Not necessarily. Children's Medicaid and CHIP eligibility is evaluated separately from adult eligibility. Even if your income makes you ineligible for adult Medicaid, your children may qualify for Medicaid or CHIP at income levels up to 200% to 300% FPL depending on your state. CHIP enrollment is year-round and there is no 90-day deadline. Apply through healthcare.gov or your state CHIP agency. State CHIP programs include California's Medi-Cal for Kids, Wisconsin's BadgerCare Plus for children, New Jersey's NJ FamilyCare, Connecticut's HUSKY Health for Kids, and Massachusetts's MassHealth Standard.
What are the 2026 Medicaid income limits by state?

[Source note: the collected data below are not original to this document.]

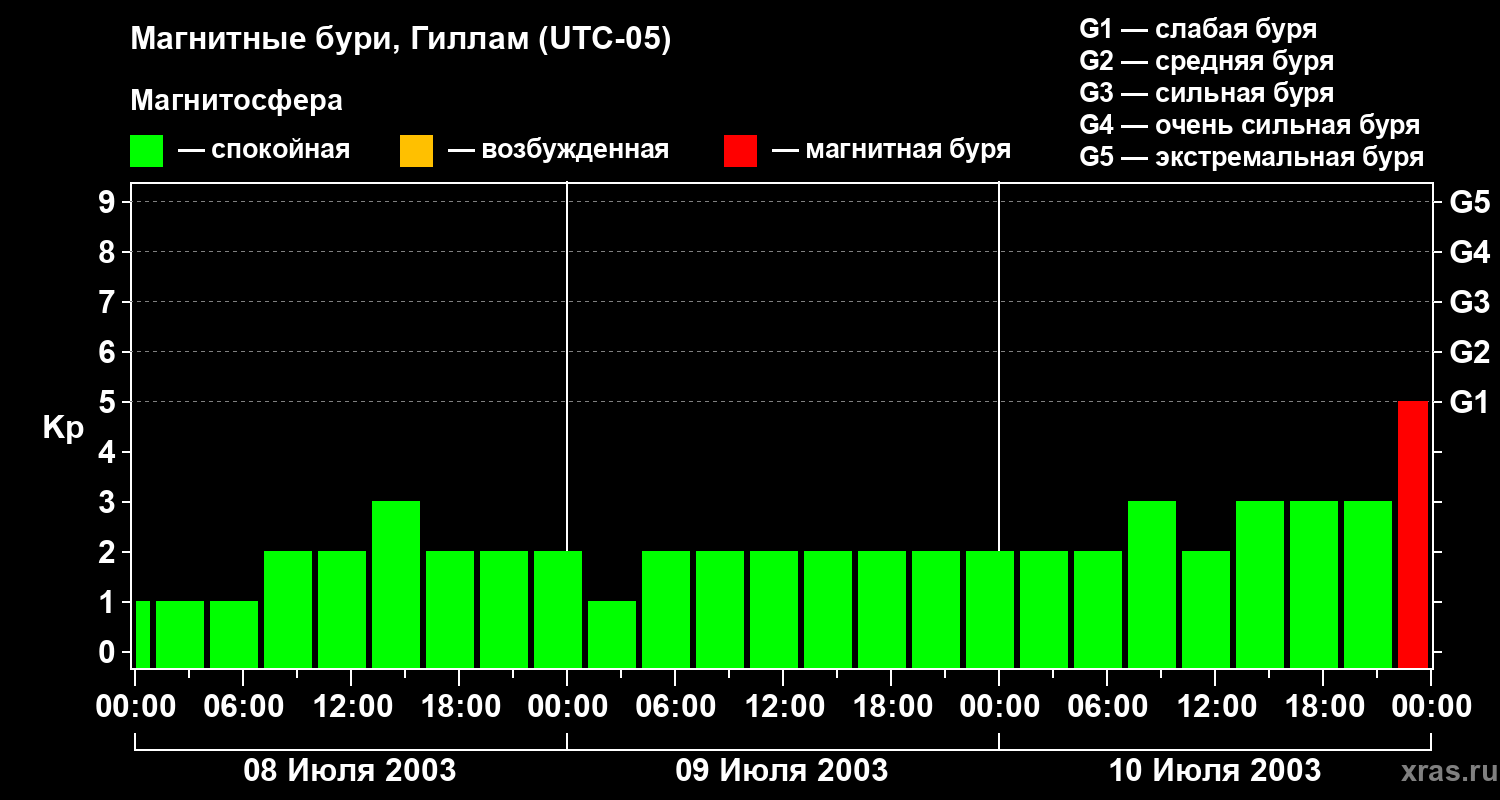 Магнитные бури в Гилламе — 10 июля 2003 года
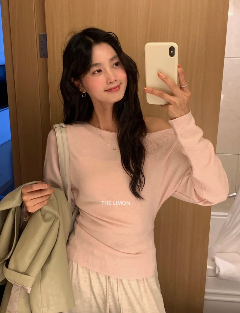 Off The Shoulder Knit Top Pullover Women Lightweight Thin Long Sleeve Plain Jumper Knitwear Autumn Winter Y2K Outfit
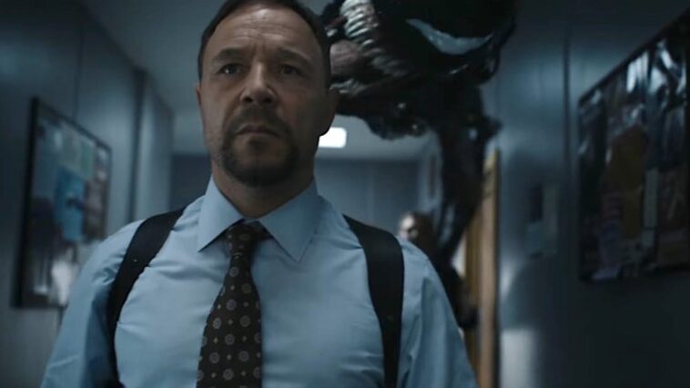 Em alguns dos raros momentos do primeiro filme, o roteiro apresentava a idéia de explorar a depressão que recai sobre Eddie Brock, tal como nos quadrinhos antes de ele encontrar o simbionte por meio de um desencontro com o Homem-Aranha. E Hardy, com o pouco que tinha ali, conseguiu construir um indivíduo muito simpático que você facilmente sentia por ele, mesmo com a superficialidade do material. O que tornou a chegada do simbionte em sua vida um verdadeiro sopro de alívio para tirá-lo da miséria, solidão e do fracasso em que ele estava se enterrando.
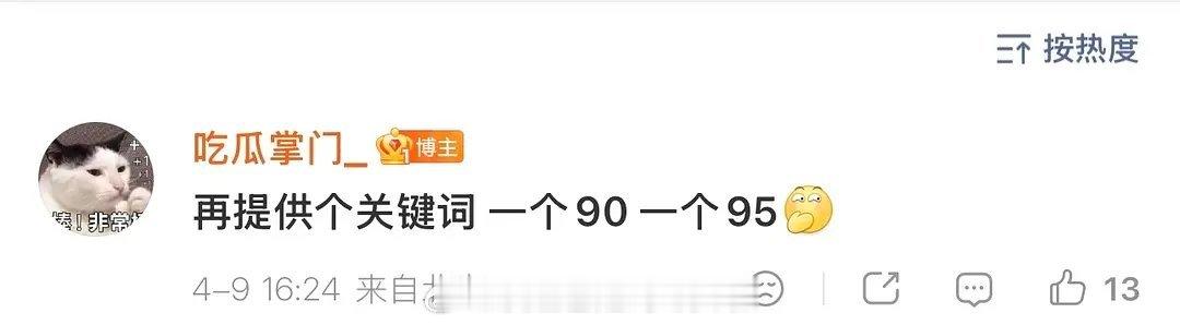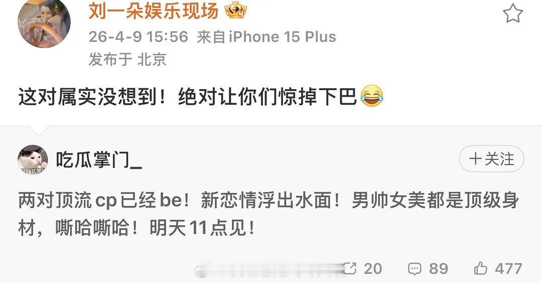 刘大锤明天要爆恋情瓜,一个90,一个95,男帅女美都是顶级身材,而且非18线。刘大锤还在评论区说网友的猜测接近了,评论区提到的明星有孙千、王天辰、任敏、白敬亭、侯明昊、娜扎、钟楚曦。评论区还提到了肖战、迪丽热巴、白鹿、张凌赫,不过如果是这四个的话,会说是超级顶流,一线巨星刘大锤要曝两对顶流cp恋情
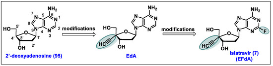 - Markowitz, M.; Sarafianos, S.G. 4′-Ethynyl-2-fluoro-2′-deoxyadenosine, MK-8591: A novel HIV-1 reverse transcriptase translocation inhibitor. Curr. Opin. HIV AIDS 2018, 13, 294–299. [Google Scholar] [CrossRef]

For the 40 expansion states plus DC, the standard Medicaid income limit for non-disabled adults is 138% FPL: $22,025 for a single person, $29,820 for 2, $37,615 for 3, and $45,540 for a family of 4 (2026, 48 contiguous states plus DC). Alaska and Hawaii use higher FPL guidelines. The 10 non-expansion states have much lower limits for adults, generally covering only parents at very low income levels. A full 50-state income limit table is available at the Medicaid income limits page on this site, with every state's threshold by household size.
Does the 2026 ACA subsidy cliff affect me if I switch from Medicaid to a Marketplace plan?
Yes, if your income is above 400% FPL ($63,840 for a single person, $132,000 for a family of 4 in 2026). The enhanced premium tax credits from ARPA and the IRA expired January 1, 2026, so people above 400% FPL receive no ACA subsidy. Standard premium tax credits apply for incomes from 100% to 400% FPL: a Silver plan for a single person at 200% FPL ($31,920) typically costs $50 to $150 per month after credits in 2026. For incomes under 250% FPL, Silver plans also include cost-sharing reductions that dramatically lower deductibles and out-of-pocket maximums.